According to one source, this specimen originated in Bukhara. However, whether it was cast locally or introduced there in circulation appears unlikely. Although Zhang Qian opened communications with the Western Regions during the Western Han, and Emperor Xuan established the Protectorate of the Western Regions, the administrative seat was located only at Wulei City, still to the east of the Kingdom of Kucha. The Han court could exert indirect influence upon the oasis city-states of the Tarim Basin, yet it was difficult to extend power across the Pamirs. The sole exception was the Han campaign against the city of Zhizhi (modern Taraz, Tajikistan) under Emperor Yuan, but this did not reach as far as Kangju—often regarded as the precursor to Sogdiana—and certainly not its core at Samarkand, let alone Bukhara. Furthermore, the Transoxiana region successively came under the rule of the Seleucid Empire, the Greco-Bactrian Kingdom, the Kushan Empire, and the Sasanian Empire. The Kushans, in particular, centred their dominion on this area. It possessed a relatively independent monetary tradition, relying for centuries on Hellenistic-style gold and silver coinage as the principal medium of circulation. Finally, the ratio of weight to value in Chinese bronze coins was inadequate for use as a medium of long-distance commerce. At that time, Sogdian merchants were more likely to convert such coins in China into lightweight, high-value commodities such as silk. As of AD 2025, no Wu Zhu coin has been formally recorded from the Bukhara region. It was only in the Tang period, when Tang military control extended as far as Suyab (modern Tokmak in northern Kyrgyzstan), that Tang coinage was accepted by merchants and inhabitants in Transoxiana.

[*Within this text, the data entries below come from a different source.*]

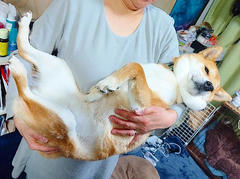 ママと2人がかり、オヤツの力も借りてやっと撮影出来る柴犬まいちゃん。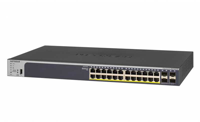 Netgear GS728TPP. Switch type Managed, Switch layer L2/L3/L4. Basic switching RJ-45 Ethernet ports type Gigabit Ethernet (10/100/1000), Basic switching RJ-45 Ethernet ports quantity 24, Installed SFP modules quantity 4, USB 2.0 ports quantity 1. MAC address table 16000 entries, Switching capacity 56 Gbit/s. Power over Ethernet (PoE). Rack mounting, Form factor 1U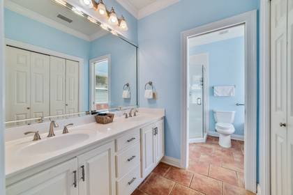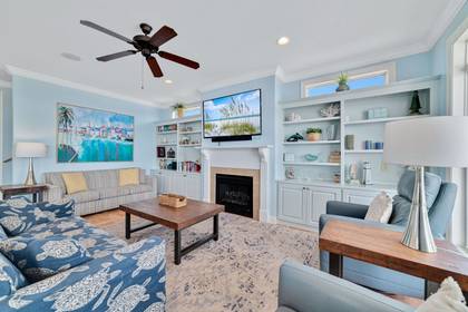 The main floor has the great room with a large HDTV over the fireplace, a well-equipped kitchen with great beach views for the cooks, and a dining table with benches and chairs plus stools at the kitchen island to seat the entire family. You'll also find outdoor dining and seating on the porch. This floor has a king bedroom with a private bath, a bedroom with a pair of queens and a bath that also opens to the hall, and the laundry.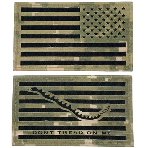 Original U.S. Navy Working Uniform Type III Woodland Reverse American Flag and Union Jack "Don't Tread on Me" Flag Patches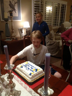 We also had a celebration dinner in his honor. Grandma Mary took Tommy and Max to see a real life Batmobile, but I don't have a picture of that.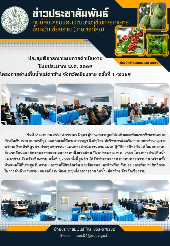 ประชุมพิจารณาแผนการดำเนินงานตามแผนปฏิบัติการป้องกันแก้ไขผลกระทบสิ่งแวดล้อมและติดตามตรวจสอบผลกระทบสิ่งแวดล้อม ปีงบประมาณ พ.ศ. 2569 โครงการอ่างเก็บน้ำแม่ตาช้าง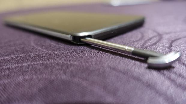 Mặt trên gồm cảm biến, loa và camera trước 8 MP. Ở đỉnh góc phải là nơi để rút chiếc bút Stylus ra.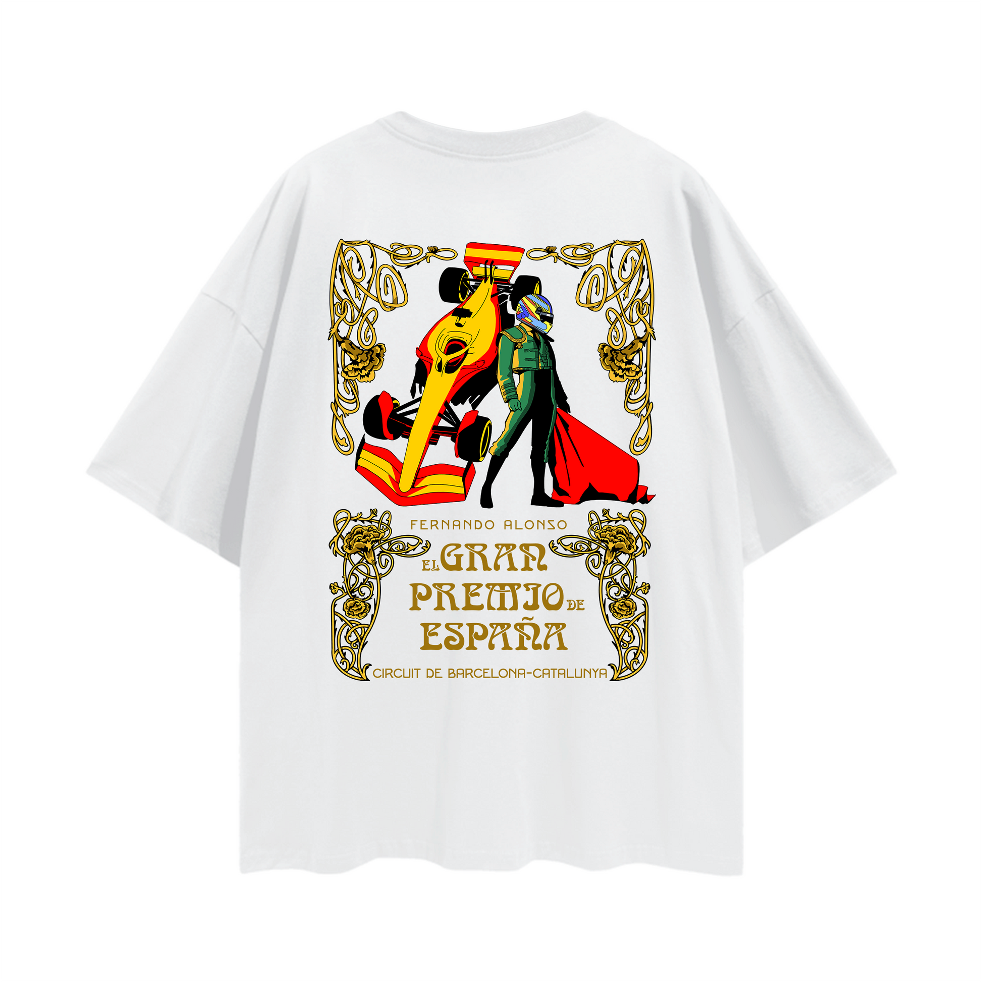 For our Matador Alonso shirt, we've dressed Nando in a traje de luces and recast him as a traditional torero! Rounded out with an art deco motif and a car liveried in the colors of Spain, this hand-illustrated Spanish Grand Prix tee is a true work of art.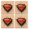 Superman cracked, ΣΕΤ x4 Σουβέρ ξύλινα τετράγωνα plywood (9cm)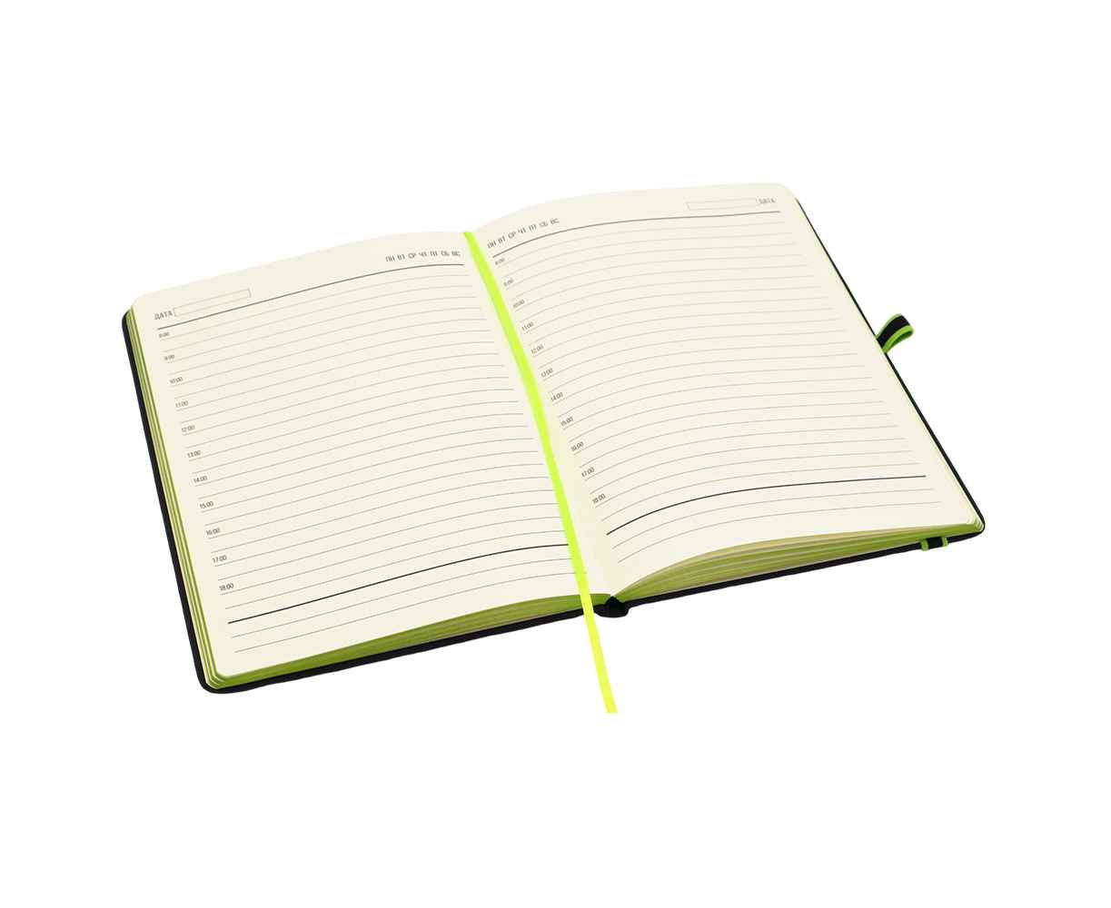 Ежедневник Sir Lewis — выполнен в твердой обложке. Имеет удобную, широкую резинку (1 см.) и держатель для ручки с ярким акцентом. Закладка и край — также в акцентном цвете. В начале ежедневника страничка с личными данными.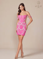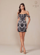 Make a bold entrance in this glamorous black and white mini dress featuring intricate art deco-inspired beading. Designed with an elegant off-shoulder neckline and sheer side mesh panels, this fitted silhouette hugs your curves while delivering vintage-inspired sparkle. Perfect for cocktail parties, formal events, or themed soirΓ©es, this dress is a head-turning blend of classic and modern flair.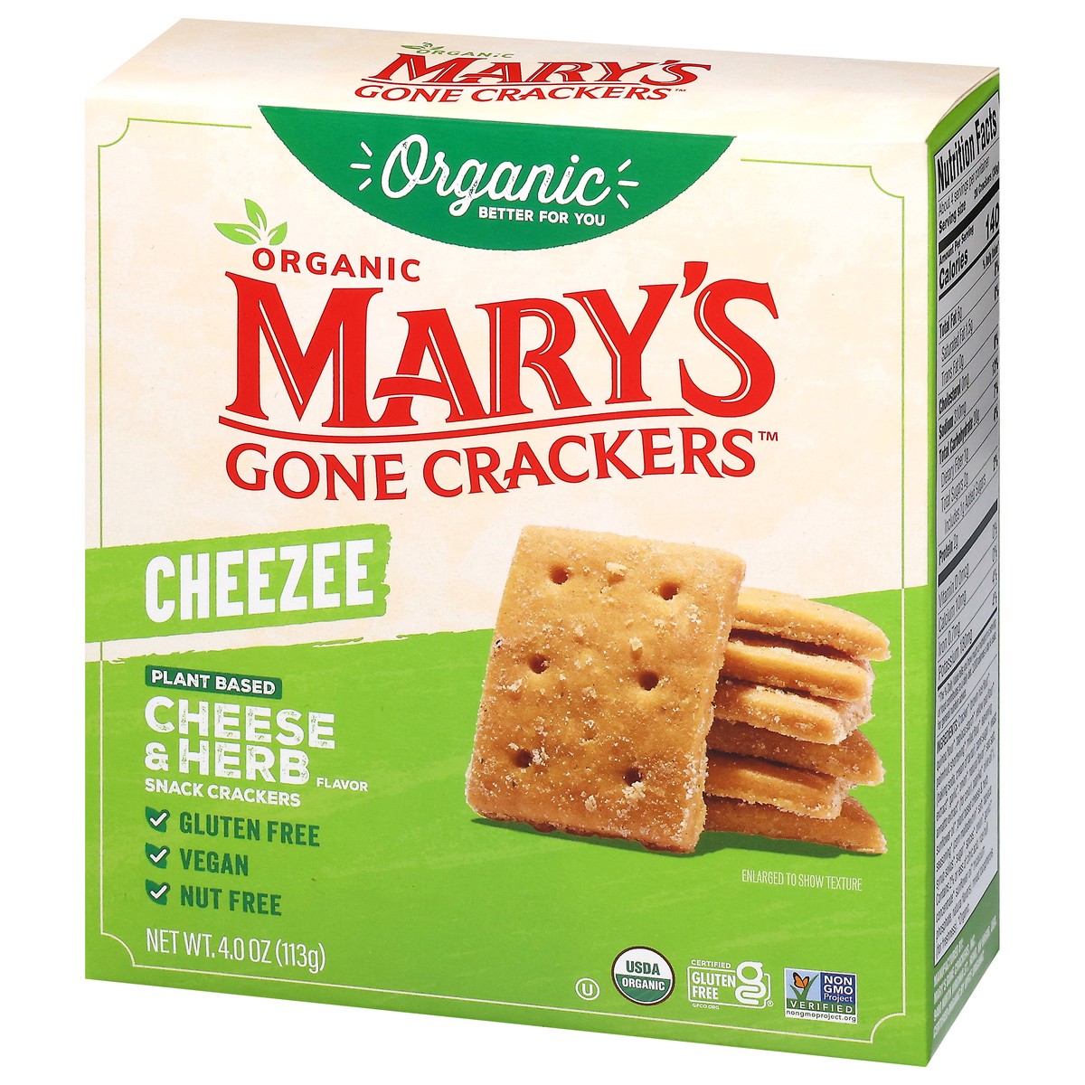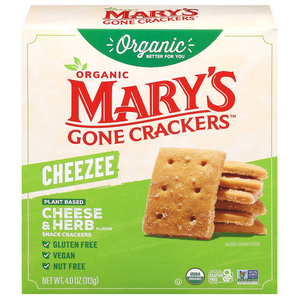 Mary's Gone Crackers Cheezee Organic Plant Based Cheese & Herb Flavor Snack Crackers 4.0 oz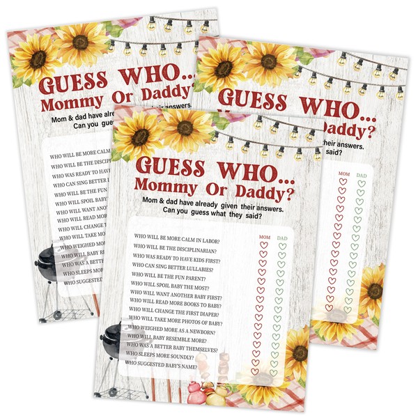 Qoqxjodd BBQ Guess Who Mommy or Daddy Game, Baby Shower Game, Pack of 30 Game Cards, Gender Neutral Boy or Girl, Fun Baby Game and Activity - FA23
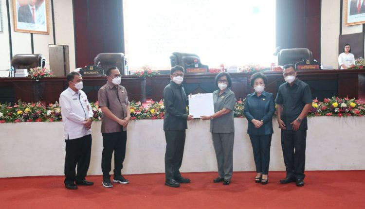 Sehubungan dengan agenda ini Wali Kota Manado memberikan sambutan terhadap Ranperda tentang Pertanggungjawaban Pelaksanaan APBD Kota Manado Tahun Anggaran 2021.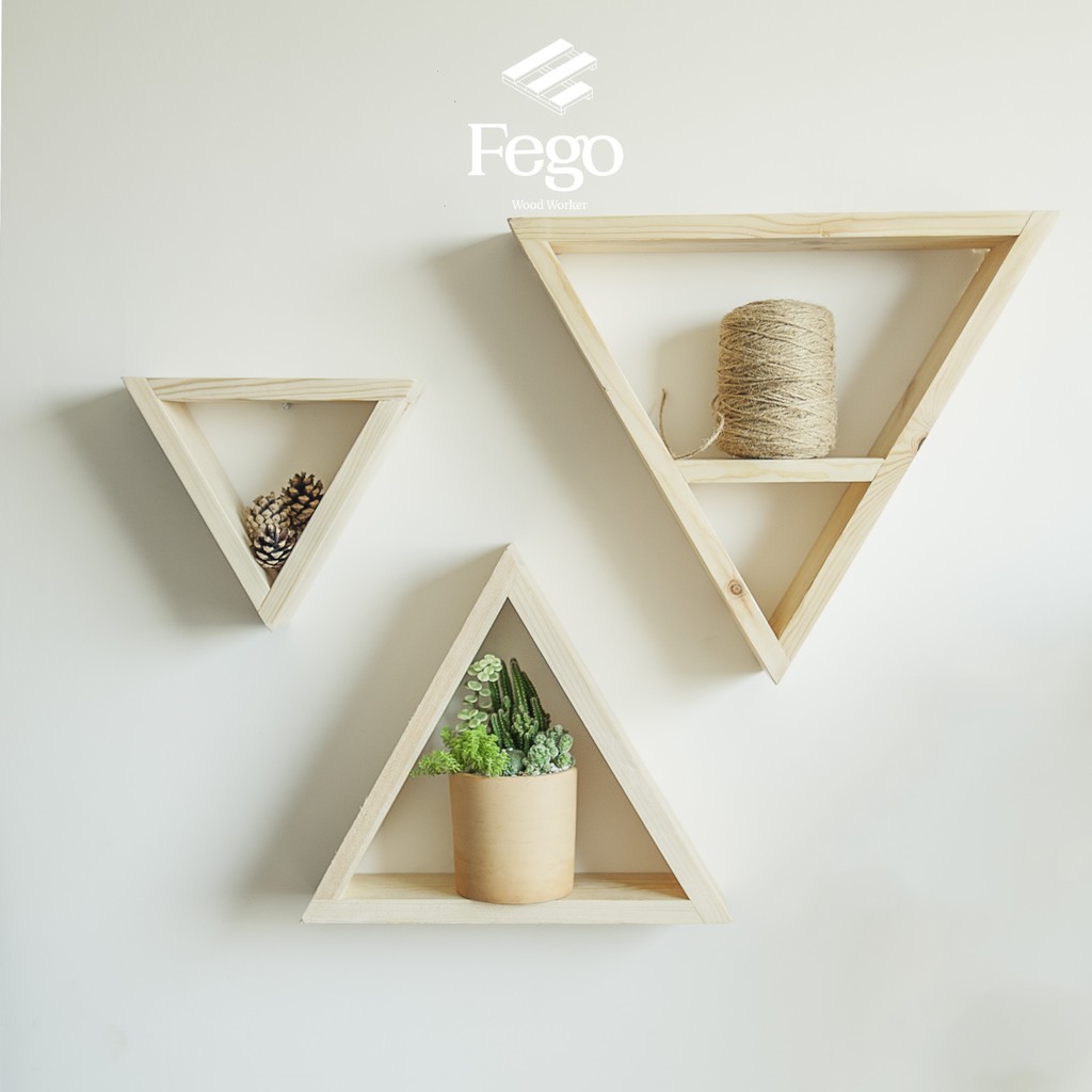 Nhà cửa & Đời sống > Nội thất > Kệ & Giá || [Mã LIFEMALL253 giảm 100K đơn 250K] Tam giác treo tường / Kệ gỗ thông trang trí FegoCòn hàng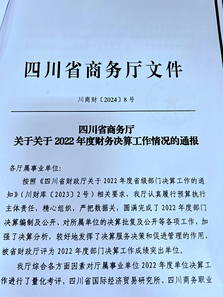 学院财务资产管理处履职尽责,严把数据关,圆满完成了2022年度决算编制及公开等各项工作,近日获四川省商务厅通报表扬。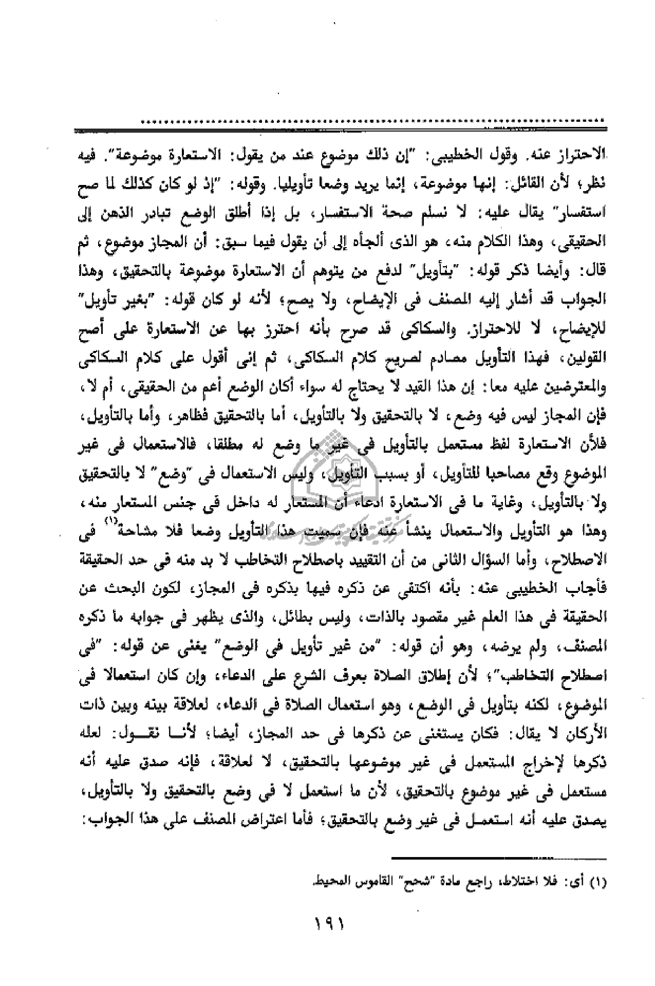 الاحتراز عنه. وقول الخطيبى:" إن ذلك موضوع عند من يقول: الاستعارة موضوعة". فيه نظر؛ لأن القائل: إنها موضوعة، إنما يريد وضعا تأويليا. وقوله:" إذ لو كان كذلك لما صح استفسار" يقال عليه: لا نسلم صحة الاستفسار، بل إذا أطلق الوضع تبادر الذهن إلى الحقيقى، وهذا الكلام منه، هو الذى ألجأه إلى أن يقول فيما سبق: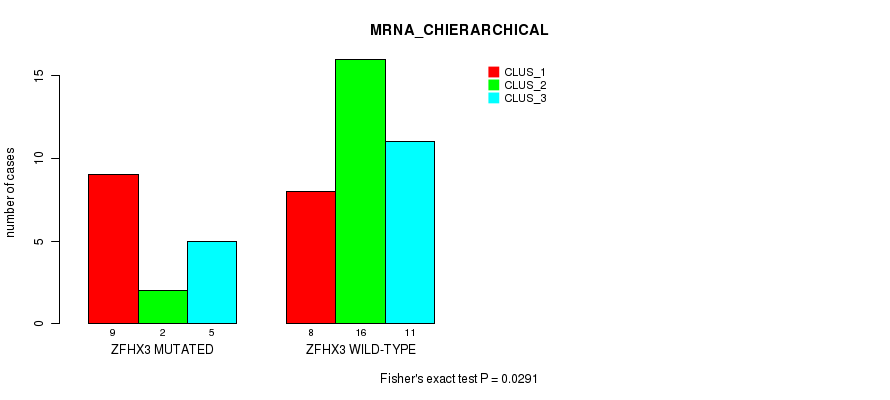 Figure S91. Get High-res Image Gene #32: 'ZFHX3 MUTATION STATUS' versus Molecular Subtype #2: 'MRNA_CHIERARCHICAL'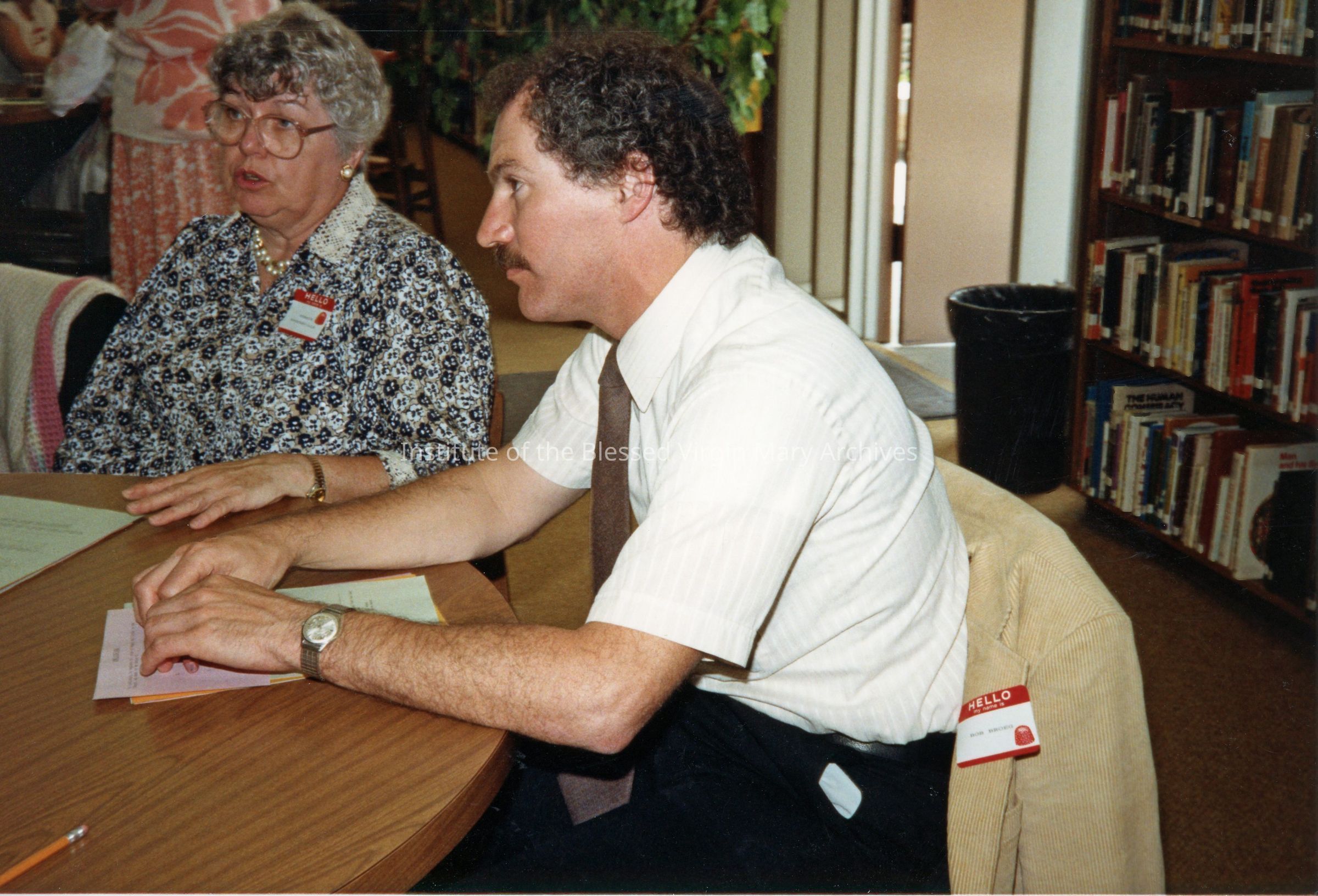 Meeting at Loretto High School in Sacramento, California. From left to right are Geraldine Baskerville and Bob Broeg, SDS. The event took place in the school's library.

The Kingdom of Kucha was first noted by the Central Plains dynasties at the time of Zhang Qian’s mission to the Western Regions and was long ruled by the Bai dynasty. Centred on the Kuqa oasis, at its height it controlled the entire northern route around the Taklamakan Desert. It frequently cooperated with Chinese regimes in resisting nomadic peoples from the north. Around the beginning of the Common Era, Buddhism entered Kucha via the Greco-Bactrian Kingdom, the Parthian Empire, and the Greater Yuezhi, later passing onward into the Central Plains. In Kucha itself, Buddhist culture reached its zenith in the third and fourth centuries. The Kuchean script found on bilingual Han–Kuchean coins was derived from Brahmi script of India transmitted along this route, and such coins were first struck in the third or fourth century. Consequently, the imitation of Han coins is unlikely to post-date the third century.